Against this backdrop of sadness, I offer that there is more, and that there is hope, yet it is so hard to recognize. Why? One theory: opportunism from the privileged and resourced who see hopelessness as a means to profit. Don’t believe me? During a recent trip to a major retailer, I noticed that the company posted signs in its windows reading, “You Matter”, “We are in this Together”, and the like. While I appreciate and agree with these messages, the fact that they are being offered by the design of a multi-billion dollar corporation seeking to profit, instead of a church or other community committed to the common good is disturbing. Companies like this one spend millions of dollars selling their products, and something in their expensive research informs them that the hopelessness that I describe is so valuable and so needed that it is worth building into the marketing of their products.

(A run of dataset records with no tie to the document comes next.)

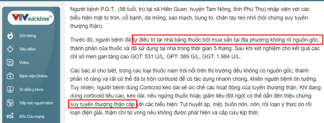 Các loại thuốc này khi uống vào có thể gây tổn hại đến gan, thận. Nếu dùng bôi ngoài da sẽ gây nhiễm trùng, tổn thương vùng kín, ăn mòn da, viêm loét da…
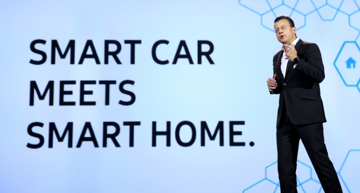 BMW'S Steven Althaus presents a first at CES 2016: a customer-ready solution of Smart Things integration available today - Smart Car meets Smart Home, Thursday, Jan. 7, 2016, in Las Vegas. Your BMW is now a personal IoT cockpit allowing you to control your Samsung ecosystem from your car.
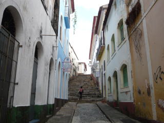 サルバドールの街です。旧市街にはとても美しい街並みが続いていて、僕の中ではブラジルでお気に入りの街のひとつ。植民地時代、奴隷貿易の拠点であった為、住民はアフリカ系ブラジル人が多いです。ブラジルの格闘技として有名なカポエイラは、この地方の黒人奴隷たちがその礎を築きました。写真右端は崖の上のアルタ地区と崖下のコメルシオ地区を結ぶ有料の巨大エレベーター。
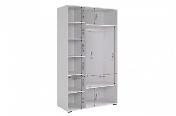 Шкаф Ева 105.01 имеет две секции - одну с штангой и двумя полками, и вторую с пятью полками, что позволяет эффективно организовать хранение одежды, обуви и других необходимых вещей. Благодаря бесшумному закрыванию фасадов, вы не будете беспокоиться о создании лишнего шума при использовании шкафа.
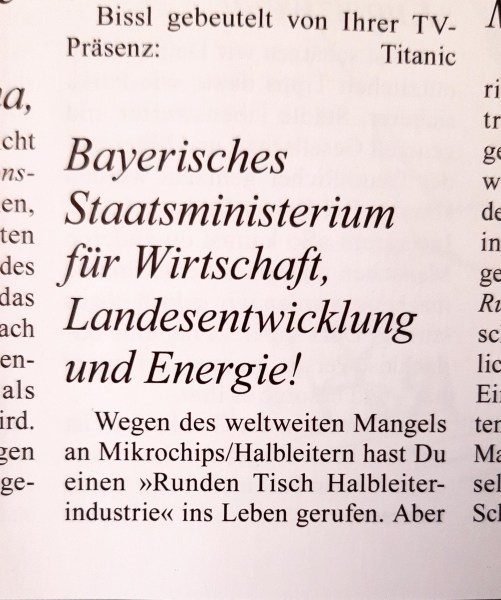 In TITANIC 11/21 – seit gestern am Kiosk! – schreibe ich einen »Brief an die Leser*innen« im Aiwanger-Ministerium und einen »Fachmann«-Text über Smartphonevibrationen:
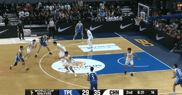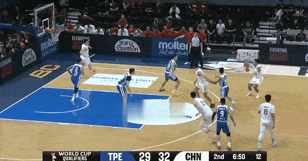 陈盈骏干拔三分投进目前4中4得到9分,中国台北追平中国男篮
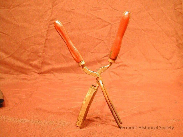 Metal curling iron with double-wave. The curling iron consists of two parts attached at the center like scissors. The handles are red wood. The curling side has a waved or crimped metal plate on one side and two metal rods on the other side.
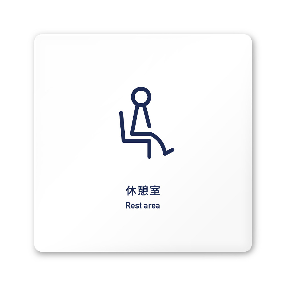 デザイナールームプレート アパレル向け シンプル 休憩室 白マットアクリル W150×H150 (AC-1515-AA-IM1-0110)
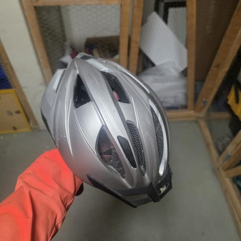 Myydään valkoinen pyöräilykypärä, takaa säädettävä koko.
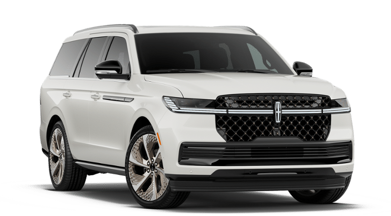 White Metallic 2026 Lincoln Navigator Black Label Equipment Group 801A Black Label (Auto Heated/Ventilated Opulence Leather Captain's Chairs, BlueCruise Equipped (4-Years Included), Lincoln App, Lincoln Digital Experience, Radiant Copper Grille, Radio: Revel Ultima 3D Audio System, SiriusXM with 360L (3 Months Trial), Special Edition Radiant Copper Badge, and Wheels: 24 Radiant Copper Aluminum), Lincoln Connectivity Package (4-Years Included), Lincoln Security Package, 28 Speakers, 3rd row seats: split-bench, 4-Wheel Disc Brakes, ABS brakes, Adaptive suspension, Adjustable pedals, Air Conditioning, Alloy wheels, AM/FM radio: SiriusXM with 360L, Apple CarPlay/Android Auto, Atmospheric Theme, Audio memory, Auto High-beam Headlights, Auto Start-Stop Technology, Auto tilt-away steering wheel, Auto-dimming door mirrors, Auto-dimming Rear-View mirror, Auto-leveling suspension, Automatic temperature control, Brake assist, Bumpers: body-color, Compass, Delay-off headlights, Driver door bin, Driver vanity mirror, Driver's Seat Mounted Armrest, Dual front impact airbags, Dual front side impact airbags, Electronic Stability Control, Emergency communication system: 911 Assist, Enlighten Theme, Exterior Parking Camera Rear, Four wheel independent suspension, Front anti-roll bar, Front Bucket Seats, Front dual zone A/C, Front reading lights, Fully automatic headlights, Garage door transmitter, Head restraints memory, Heated door mirrors, Heated front seats, Heated rear seats, Heated steering wheel, HVAC memory, Illuminated entry, Leather steering wheel, Low tire pressure warning, Memory seat, Navigation system: Connected Navigation (1-year trial), Occupant sensing airbag, Outside temperature display, Overhead airbag, Overhead console, Panic alarm, Passenger door bin, Passenger seat mounted armrest, Passenger vanity mirror, Pedal memory, Power adjustable front head restraints, Power adjustable rear head restraints, Power door mirrors, Power driver seat, Power moonroof: Panoramic Vista Roof, Power passenger seat, Power steering, Power windows, Radio data system, Rain sensing wipers, Rear air conditioning, Rear anti-roll bar, Rear audio controls, Rear reading lights, Rear seat center armrest, Rear window defroster, Rear window wiper, Reclining 3rd row seat, Remote keyless entry, Security system, Speed control, Speed-sensing steering, Speed-Sensitive Wipers, Split folding rear seat, Spoiler, Steering wheel memory, Steering wheel mounted audio controls, Tachometer, Telescoping steering wheel, Tilt steering wheel, Traction control, Trip computer, Turn signal indicator mirrors, Variably intermittent wipers, Ventilated front seats, Ventilated rear seats, and Wheels: 22 High-Gloss Ebony Aluminum. All books & keys (when applicable), Mutli Function Steering Wheel Controls, iphone / Droid Navigation Compatible.
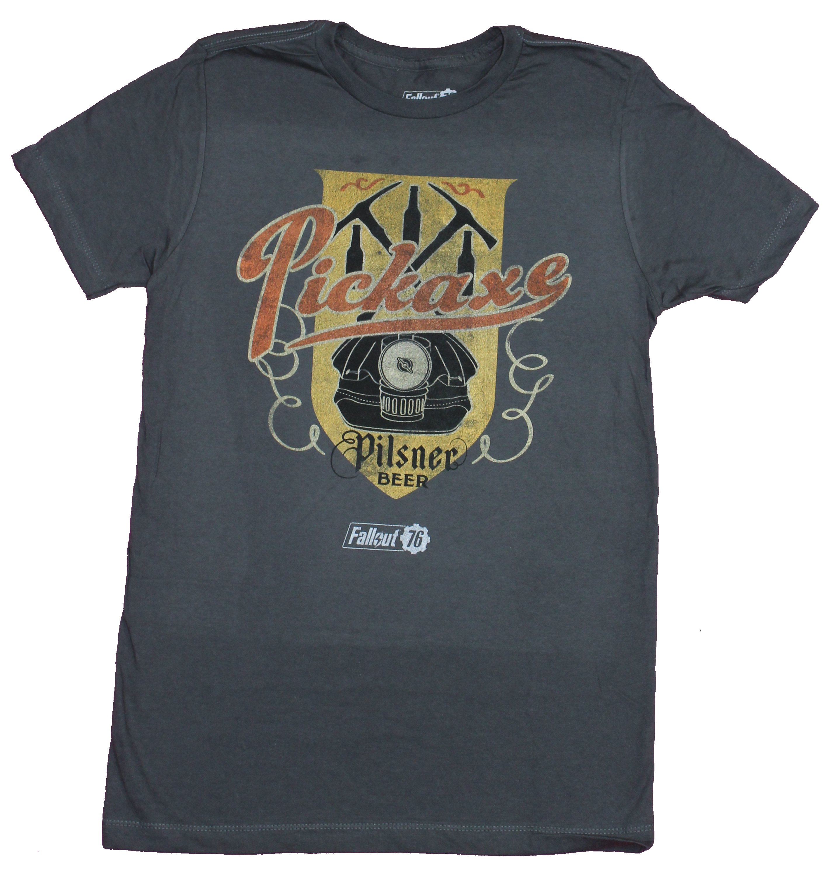 Fallout Adult New T-Shirt - Distressed 76 Pickaxe Pilsner Beer Label Pic

Nonetheless, against this backdrop, I offer that there are answers that can inoculate us from our own deceptions and the corporatization of our hope, and that is spirituality. Right away you might be tempted to shut out anything that follows, if you have not already done so by my use of flowery and stark language. Also, I am a pastor, so me saying the word “spirituality” conjures perceptions that I am about to attempt to sell you on my religion, a concept called proselytizing. 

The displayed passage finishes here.